Additionally, we ran feature benchmarks for a potential socket I/O optimization in the network layer, and GC setting changes catering to the now-default GHC9.6 compiler. Both benchmarks have shown moderate improvements in various performance metrics.
This might enable the network team to pick up the optimization for 10.5
. Also, we might be able to update the recommended GC settings for block producers, and add them to our own nix service configs for deployment.
The 10.4.1
performance report has been published on Cardano Updates.
Development
We've further evolved the (still experimental) quick query feature of our analysis tool locli
. Parametrizable quick queries allow for arbitrary queries into raw benchmarking data, uncovering correlations not part of standard analysis. They are implemented using composable definitions inside a filter-reduce framework. With locli
's DB storage backend, we can leverage the DB engine to do much of the work. Now, we're integrating a precursor to quick queries - so called trace queries - into the framework. Those can process raw trace
data from archived log files. Currently, we're adding an abstraction layer such that it is opaque to the framework whether the data was retrieved (and possibly pre-processed) from a DB or from raw traces.
Furthermore, we added a custom (CBOR-based) serialization for intermediate results so a query can be evaluated on a remote machine - like the system archiving all benchmarking runs - but triggered, and its results visualized, on your localhost.
Infrastructure
The workbench nix code optimization has finally been merged. Redundant derivations and recursions have been replaced; many nix store entries have been consolidated. Among other things, the new code also aims to maximize nix cache hits. Furthermore, as GHC8.10 has now been officially retired from all build pipelines, we were able to clean up all tech debt in our automations that we had to keep around due to supporting the old compiler version.

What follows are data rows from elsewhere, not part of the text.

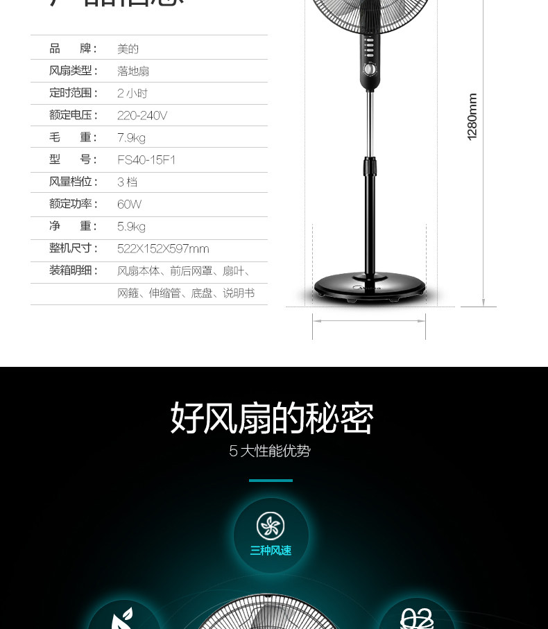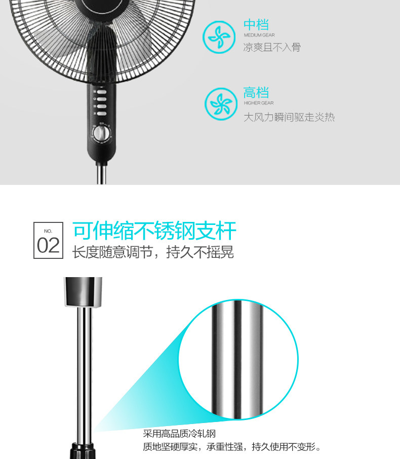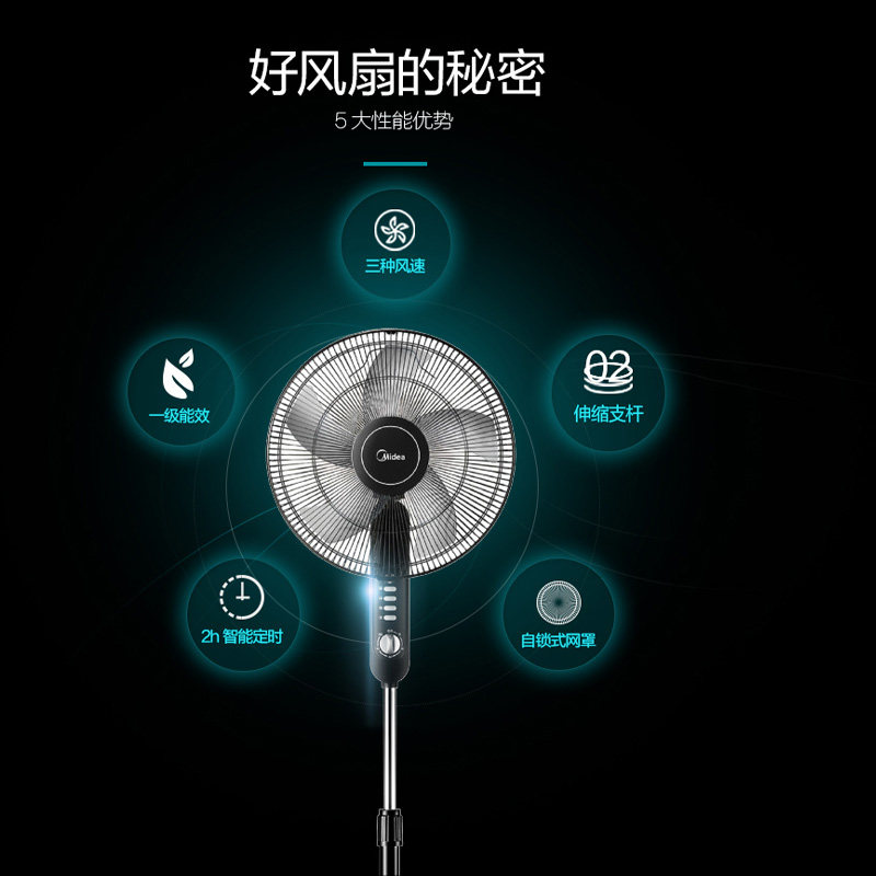 Электрическая посадочная посадка вентилятора Midea Mid FS40-15F1 Вертикальная высота подъема регулирует встряхивание времени на голову общежитие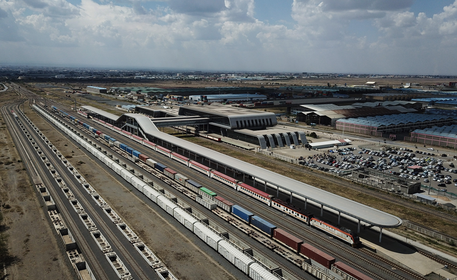 ??這是2023年9月20日在肯尼亞首都內羅畢拍攝的蒙內鐵路內羅畢站(無人機照片)。新華社記者 韓旭 攝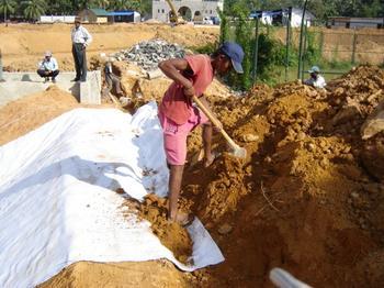 3、利用土工布增強土體的抗拉強度和抗變形能力,增強建筑結(jié)構(gòu)的穩(wěn)定性,以改善土體質(zhì)量。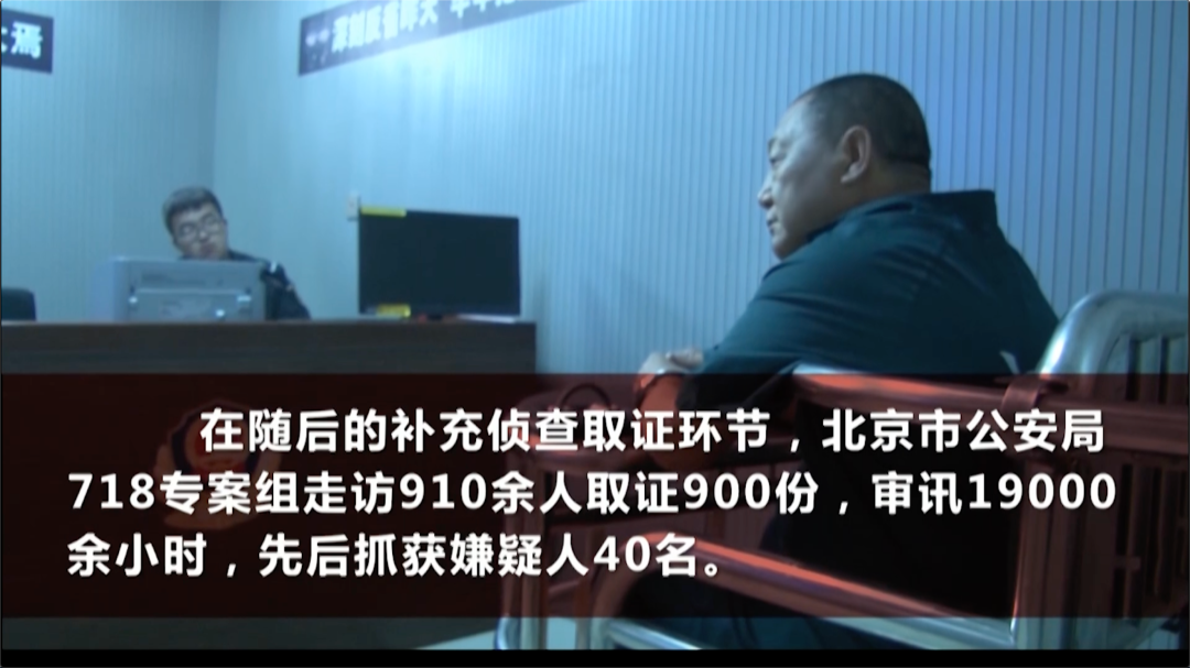 在随后的补充侦查取证环节,北京市公安局718专案组,走访910余人,取证900份,审讯共计19000余小时,先后抓获嫌疑人40名。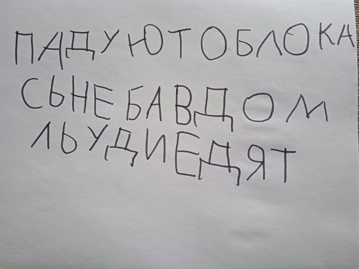 Всем привет. Я вчера на кухне - готовлю обед. Вдруг приходит дочка - такая вся загадочная и говорит: Я стихотворение написала. Разворачивает альбом и читает то, что сама написала. А потом показывает этот лист мне: Если исправить "авторское" написание, то получится глубочайшее хокку: Падают облака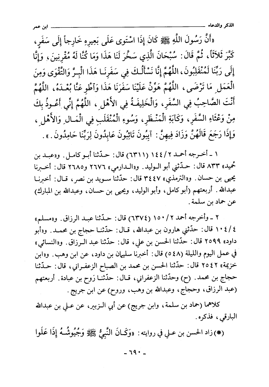 أَنَّ رَسُولَ اللَّهِ صلى الله عليه وسلم كَانَ إِذَا اسْتَوَى عَلَى بَعِيرِهِ خَارِجًا إِلَى سَفَرٍ كَبَّرَ ثَلَاثًا ثُمَّ قَالَ سُبْحَانَ الَّذِى سَخَّرَ لَنَا هَذَا وَمَا كُنَّا لَهُ مُقْرِنِينَ وَإِنَّا إِلَى رَبِّنَا لَمُنْقَلِبُونَ اللَّهُمَّ إِنَّا نَسْأَلُكَ فِى سَفَرِنَا هَذَا الْبِرَّ وَالتَّقْوَى وَمِنَ الْعَمَلِ مَا تَرْضَى اللَّهُمَّ هَوِّنْ عَلَيْنَا سَفَرَنَا هَذَا وَاطْوِ عَنَّا بُعْدَهُ اللَّهُمَّ أَنْتَ الصَّاحِبُ فِى السَّفَرِ وَالْخَلِيفَةُ فِى الأَهْلِ اللَّهُمَّ إِنِّى أَعُوذُ بِكَ مِنْ وَعْثَاءِ السَّفَرِ وَكَآبَةِ الْمَنْظَرِ وَسُوءِ الْمُنْقَلَبِ فِى الْمَالِ وَالأَهْلِ وَإِذَا رَجَعَ قَالَهُنَّ. وَزَادَ فِيهِنَّ آيِبُونَ تَائِبُونَ عَابِدُونَ لِرَبِّنَا حَامِدُونَ.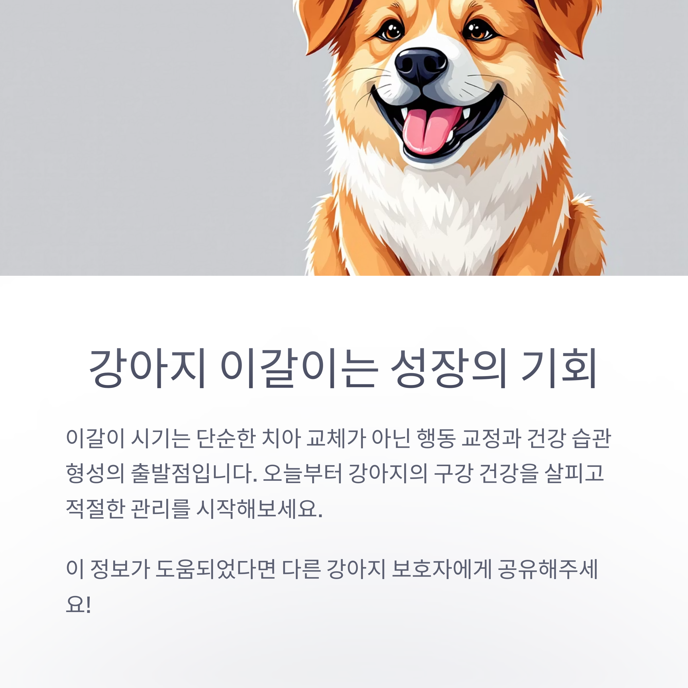 이갈이 과정은 자연스러운 성장의 일부이지만, 보호자의 관리 여부에 따라 결과는 천차만별로 달라집니다. 적절한 장난감, 긍정적 강화, 구강 상태 체크 등을 병행해야 이후 문제 없이 건강한 구강 구조가 완성됩니다.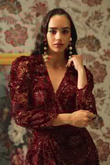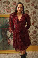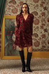 Burgundy Lace Wrap Mini Dress with Velvet Appliqué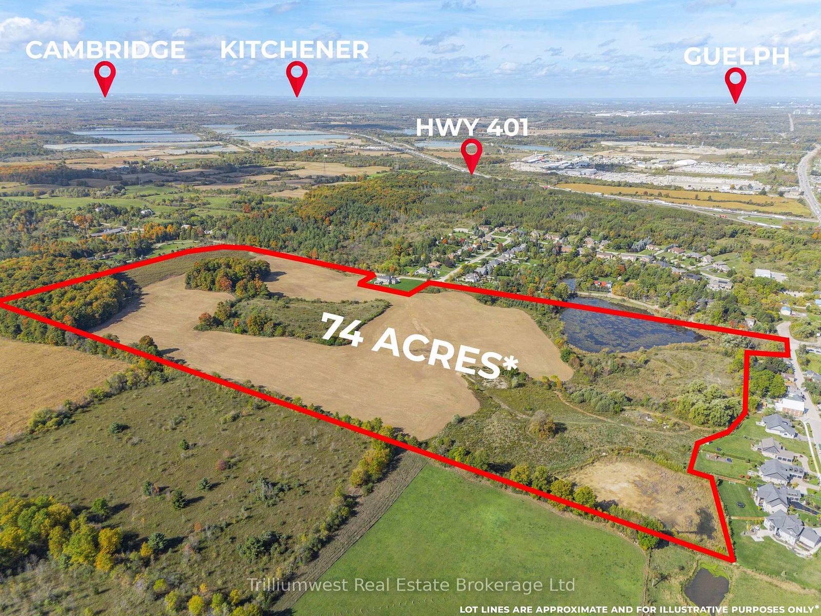 74 Acres of Rolling Countryside in MorristonAn exceptional opportunity to own 74 picturesque acres fronting on Calfass Road in sought-after Morriston. This remarkable property showcases a beautiful blend of gently rolling hills, open arable land, and mature mixed bushcreating a landscape that is both scenic and functional. A tranquil pond adds to the natural beauty, attracting wildlife and offering a peaceful retreat in every season.Surrounded by stately custom homes, this parcel provides the perfect setting to build your private rural estate while still being part of a distinguished community. Enjoy the balance of country living and modern convenience, with parks, trails, and popular local restaurants just moments away in the charming village of Morriston.Conveniently located just minutes to Highway 401 and Guelphs south end, this rare offering combines rural beauty with easy access to amenities and commuter routes. Whether you envision a custom estate home, a hobby farm, or a peaceful weekend escape, this property offers endless possibilities in one of Puslinchs most desirable areas.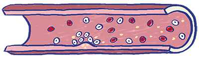 Quando as células são incapazes de absorver todo o colesterol que circula no sangue, o excesso deposita-se na parede da artéria e contribui para o seu estreitamento progressivo, originando um processo denominado aterosclerose.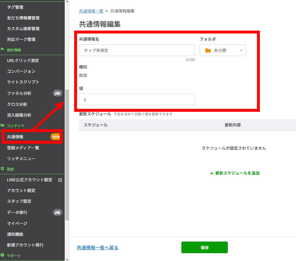 リッチメニューのタップ率を測定するには、サイドメニューの「共通情報」から測定用の情報を作成します。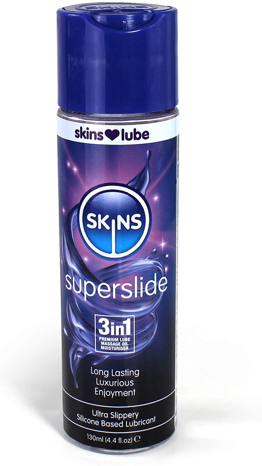 Skins Superslide contains 100% pure grade silicone lubricant making it ultra-long lasting. Silicone will not harm latex and is perfectly safe for internal use as silicone molecules are too big to enter the body through the skin or body linings. Just remember not to use silicone with silicone toys.
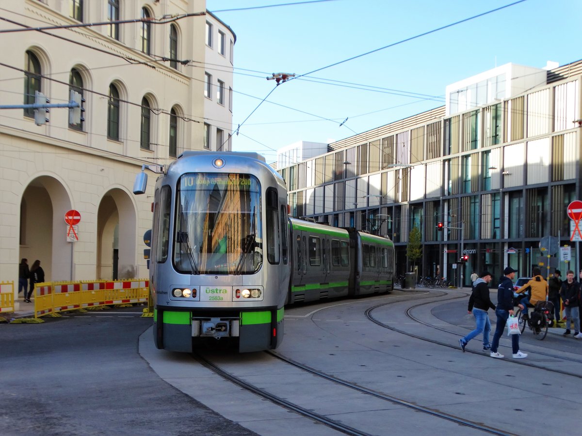 Wagen 682 der Rostocker Straßenbahn am 14.10.17 in die Haltestelle Gerberbruch einfahrend.

Exactly as we had hoped, this has brought down CI time for the Node by orders of magnitude; first, from over an hour to around 15 min, then to under 10 min. Also, all workbench shell invocations are significantly faster, and clutter in the nix store is greatly reduced.
New Tracing
We've been hurrying to provide hotfixes for connectionManager_*
and slotsMissed
metrics that were faulty on Node 10.3
. They have been successfully integrated into the Node 10.4
release.